Created in just 8 hours, this Hack won 3rd Place at the Facebook Humanitarian Hackathon
With over a billion people on Facebook, we are more than ever, connected.We share our days and lives with each other, but also our germs. We all get sick.
Flu is a serious illness that still kills many and still doesn’t have a cure. It’s the virus that can’t be stopped and gets ugly when things go wrong.
With this hackathon we’re addressing the lack of in-depth, meaningful data collection about the connection between flu and human relationships.
Current data collection methods are on a large scale – region-wide trends are gathered by filtering through Google Search Data – but the web has become social. Information is connected to People, and People are connected to people.
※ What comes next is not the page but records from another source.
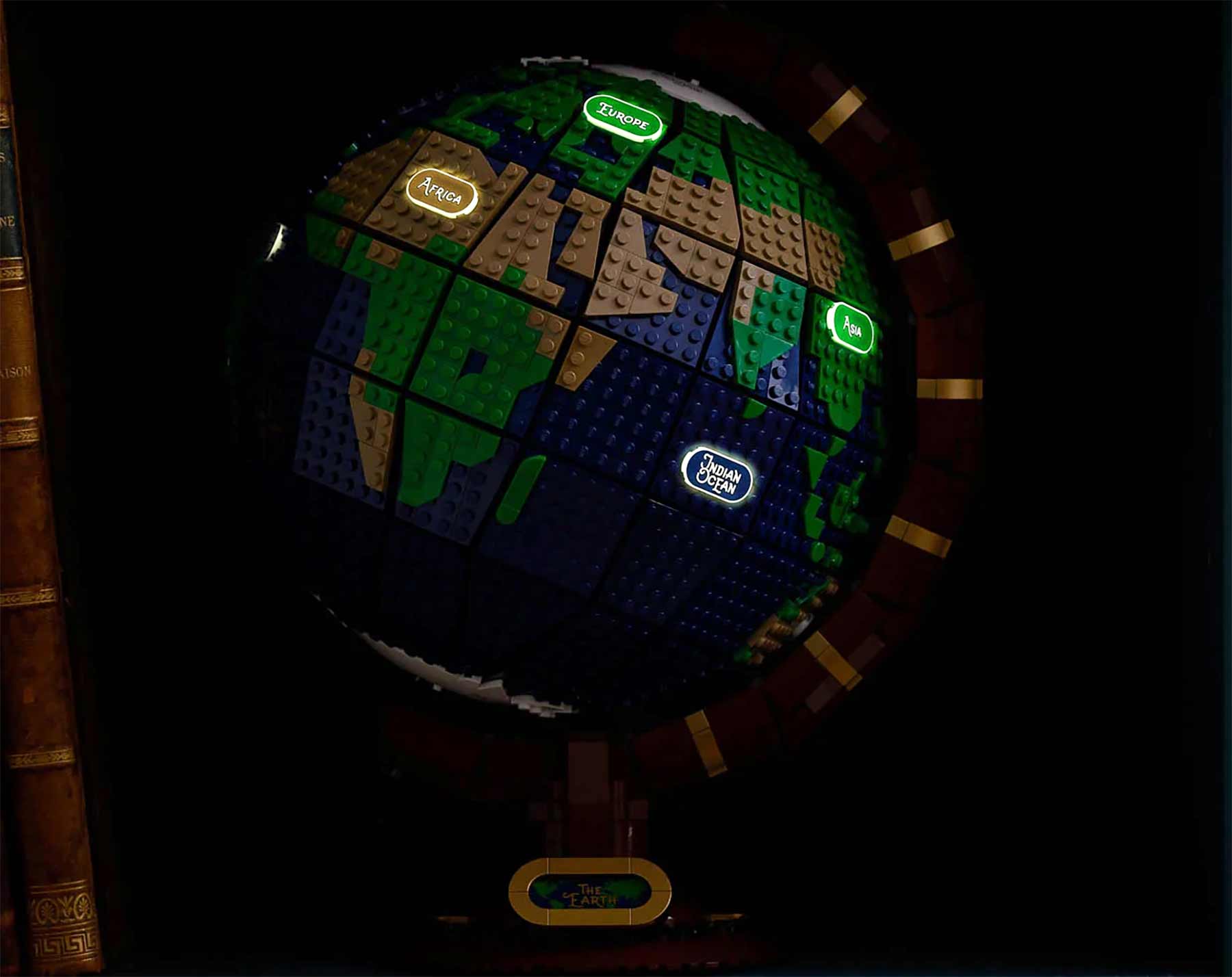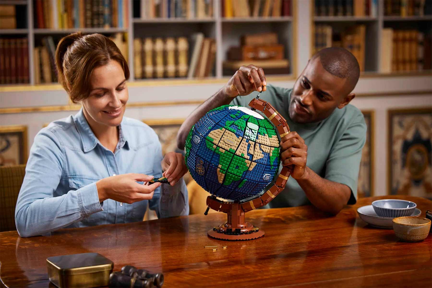 „Wohin soll die Reise heute gehen? Baue den Globus (21332) und träume von deinem nächsten Reiseziel. Dieses spektakuläre Ausstellungsstück wurde von einem Fandesigner entworfen und vom LEGO® Ideas Team zum Leben erweckt. Mithilfe von LEGO Technic Elementen lässt sich die Erdrotation darstellen, und im Dunkeln leuchtende Steinchen bezeichnen die Kontinente und Ozeane. Das Schiff und der Kompass zum Zusammenbauen sowie das Namensschild „The Earth“ vollenden den attraktiven Blickfang fürs Wohnzimmer oder Büro.“
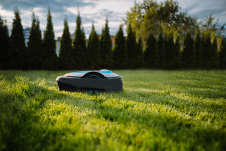 A lawn mover on green grass in modern garden. Machine for cutting lawns.
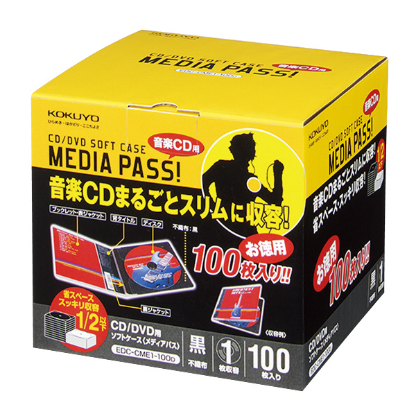 コクヨ CD/DVD用ソフトケース<MEDIA PASS>1枚収容 100枚 黒 EDC-CME1-100Dの詳細情報
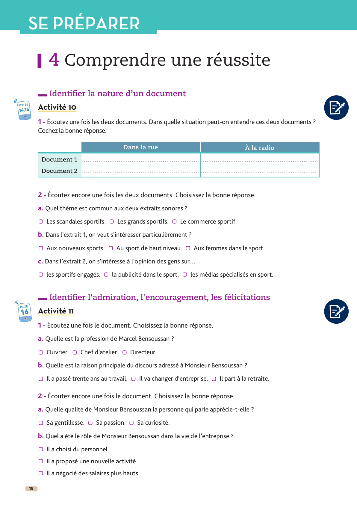 u Se préparer : des activités pour acquérir les savoir-faire indispensables pour réussir.
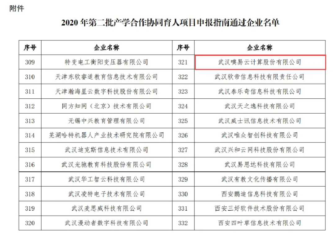 12月24日,教育部高等教育司正式發布了《關于公布產學合作協同育人項目申報指南通過企業名單(2020年第二批)的通知》,武漢噢易云計算股份有限公司成功獲批本批次產學合作協同育人項目70個。
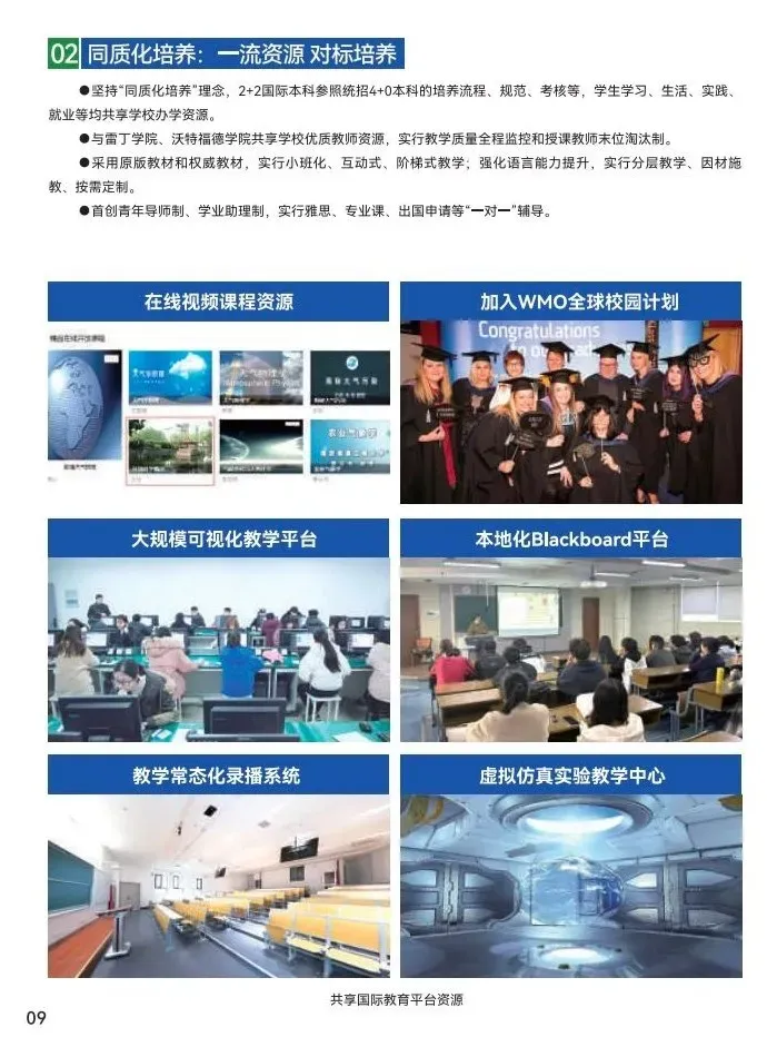 ● 坚持“同质化培养”理念,2+2国际本科与统招4+0本科的培养流程、规范、考核等完全一致,学生学习、生活、实践、就业等均共享学校办学资源。
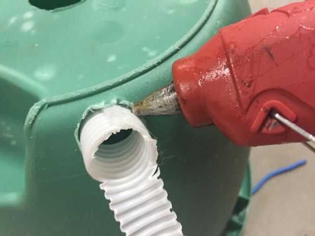 Tome el extremo de la tubería que es 1" de largo y exprímala para que encaje en el agujero que perforó en el paso #1. Una vez en, pegamento caliente en su lugar. Hacer esto para todos los dedos.
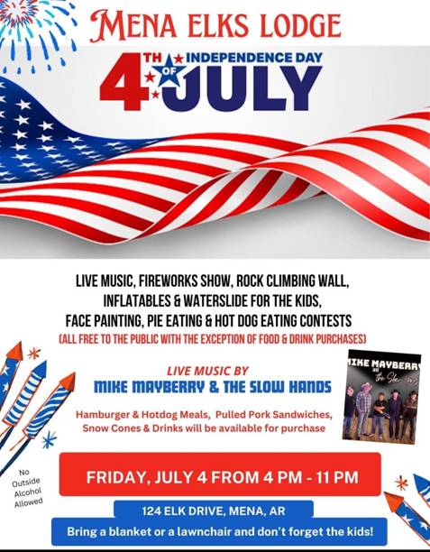July 4: Fireworks at Elk’s Lodge. (More info below)
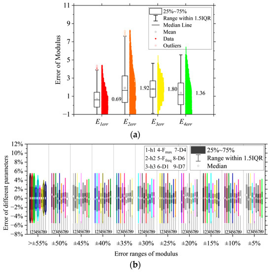 Allowing the error combinations of the nine parameters in Figure 5 to be randomly combined and substituted into the multiple linear regression Equation (6) or Equation (8), the theoretical errors of the modulus for each structural layer were calculated. The results are shown in Table 11 and Figure 6.
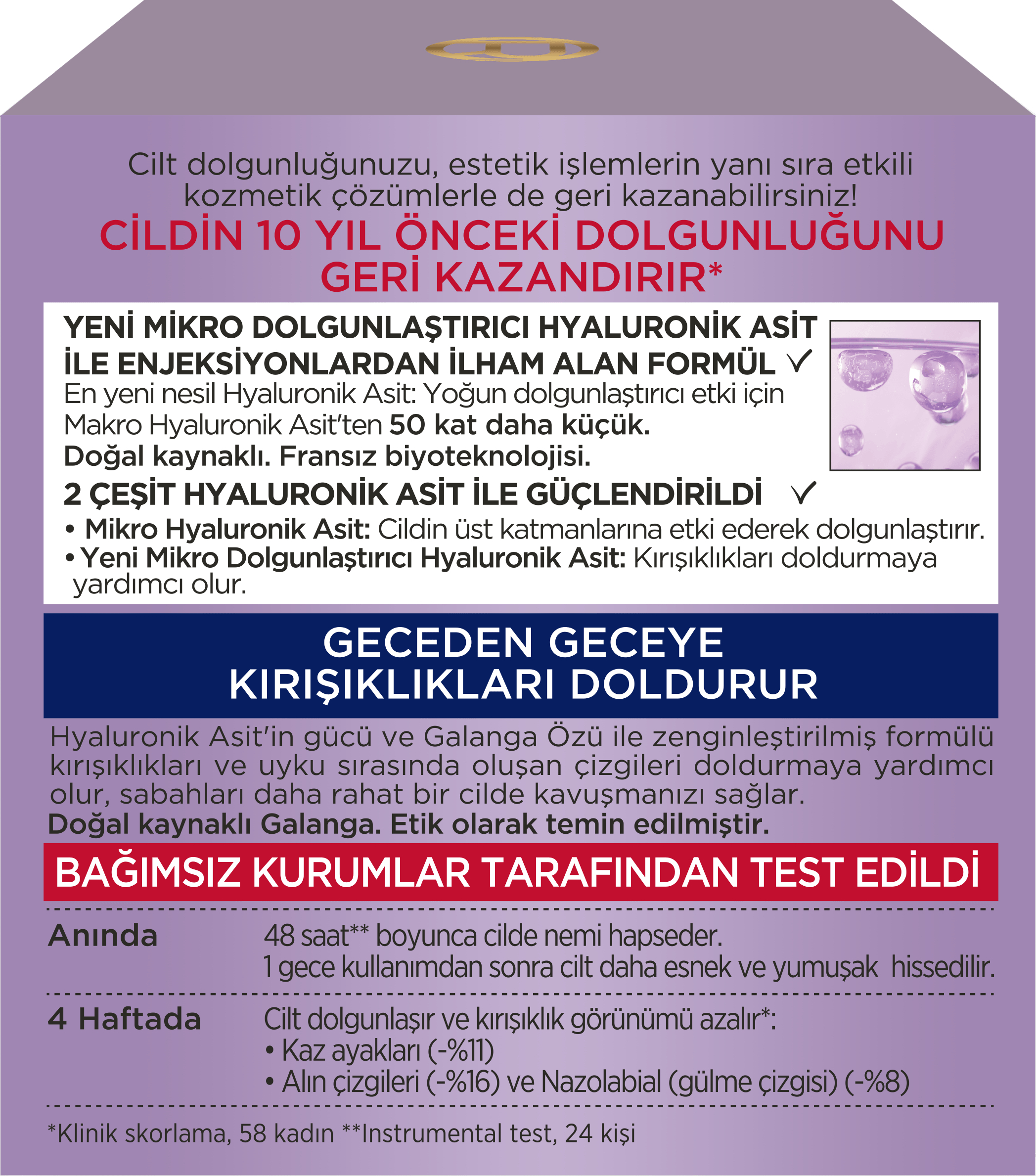 Formülünde bulunan mikro hyaluronik asit, cilde derinlemesine nüfuz ederek, 50 kat daha küçük yapısıyla, cildin en derin katmanlarına ulaşır. Bu sayede, ciltteki çizgilerin ve kırışıklıkların görünümünü azaltmaya yardımcı olur. Ayrıca, hyaluronik asidin nem tutma kapasitesi sayesinde, cilt 48 saat boyunca nemli ve dolgun kalır. Galanga özü ile zenginleştirilen formül, cildin yenilenmesine katkıda bulunur ve gece boyunca oluşan çizgilerin doldurulmasını sağlar.
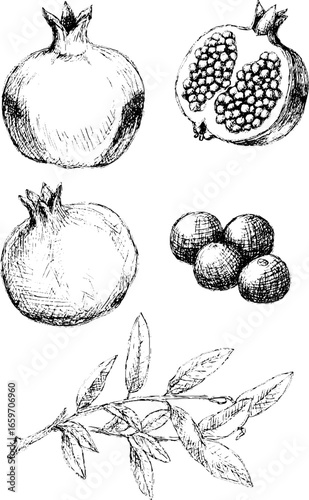 Vintage botanical drawing of pomegranates, oranges, and leaves
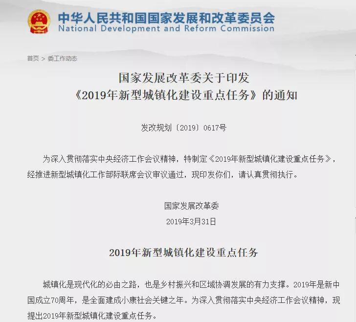 4月8日上午,国家发改委官网上挂出了一个重要通知。在这份名为《2019年新型城镇化建设重点任务》(通知原文地址点击文章底部)的重要通知中,释放出了一系列重大信号:
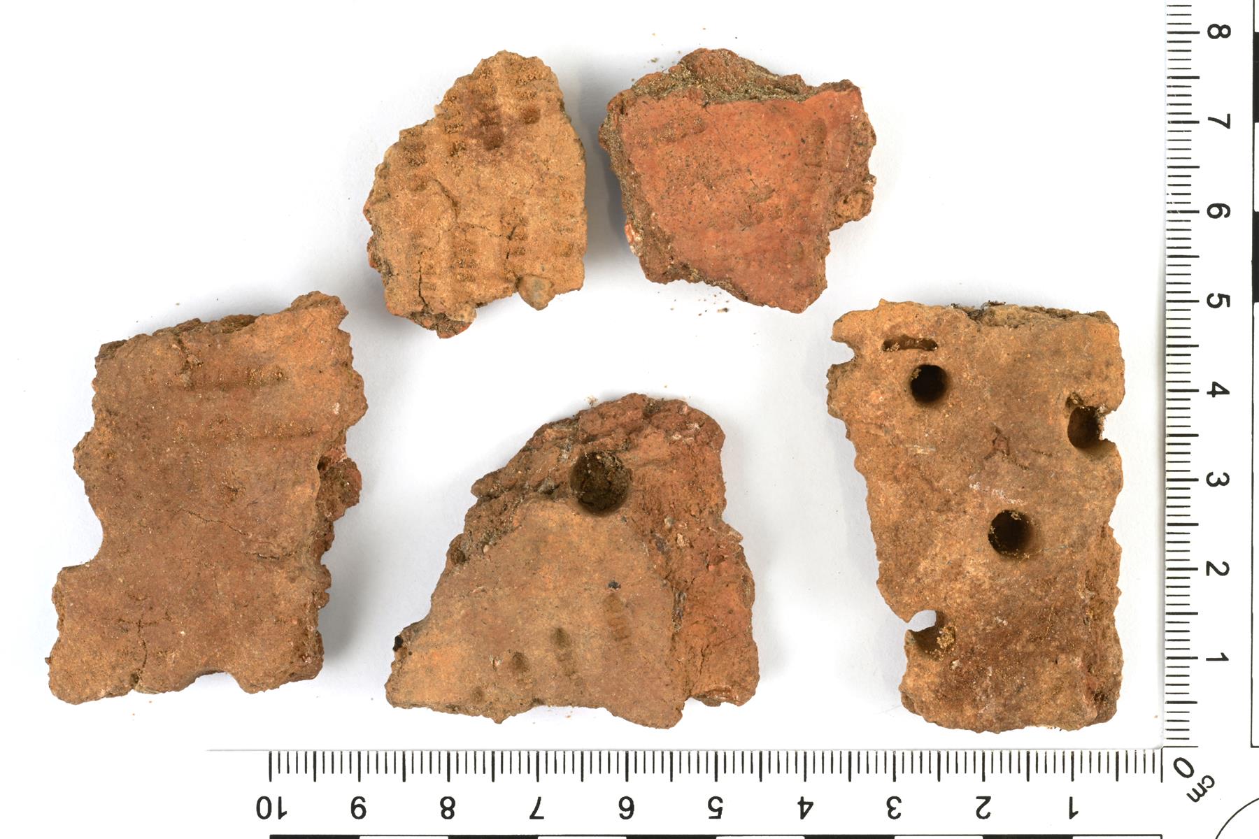 | Laatikosta 2. Kampakeraamisten astioiden kylkipaloja. Osassa on koristeluna kuoppia ja kampaleimakuviota. Väritys vaihtelee ruskeasta punaruskeaan. Poltto on melko hyvä. Sekoitteena melko hienoa kivimurskaa (1-2 mm). | |
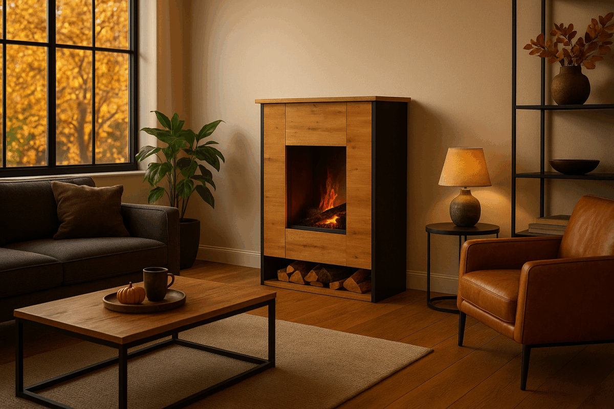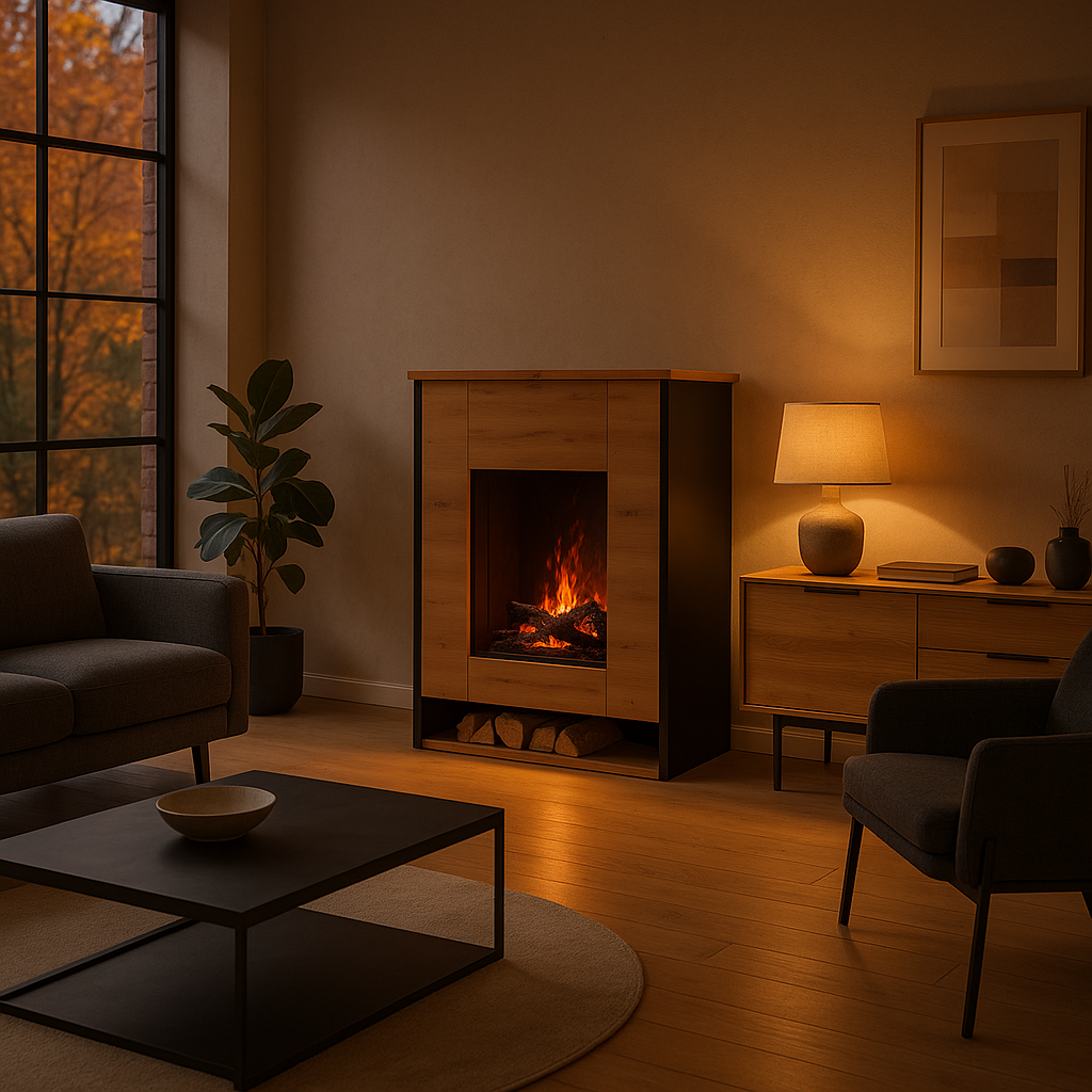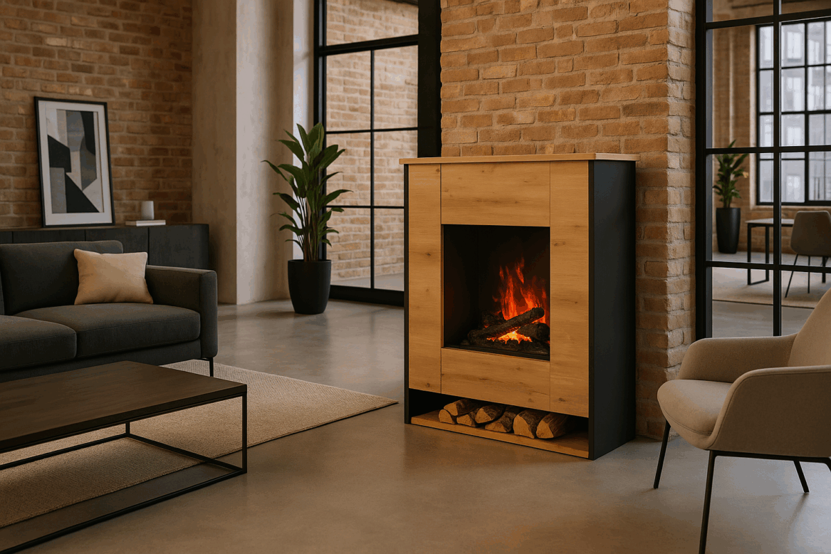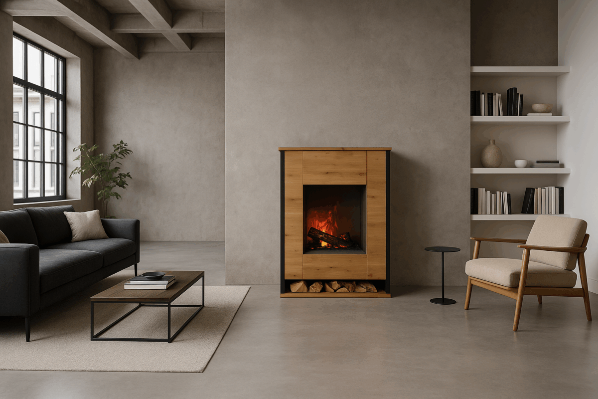 Aerzener Elektrokamin Meran im Holzlook – Modernes Design trifft echte Wohlfühlatmosphäre

Knowing that there is Moderate Flu Activity in Oklahoma is simply not useful.
Our MVP for this hackathon is our version of Real-Life Plague. By connecting to your Facebook account, you can track and record which of your friends you have made ill. They can then track who they’ve infected and so the graph grows.
From the User’s perspective: It’s Emotional Chicken Soup. It’s a tangible way to track accessible data in your network, in your area.
For our Partner organisations (eg. the CDC or WHO): It’s a way to intelligently track real-time flu data based on personal relationships. It’s a way to see how long strains are lasting, and how fast they are spreading.
Scalability
The idea coexists symbiotically with Facebook technology and allows for literal viral growth through personal word-of-mouth recommendations. If your sister snuffly tells you about the app, you’re going to download it.
What’s next?
This is a way to track length infection, symptoms, temperature, mood, medicine – and see how effective things are by observing the data yourself.
Effectively, we will have developed a way to pinpoint the dangerous strains of flu as they happen, where they happen, who they happen to.
Humanitarianism is about helping people when things go wrong, and so when disaster strikes, we have a way to pinpoint patient zero.
This hackathon entry received 3rd Place at the Facebook Humanitarian Hackathon.
My personal responsibilities included: Idea Generation, Information Architecture, Wireframing, UI Design, Front-end Development and Delivering the Presentation.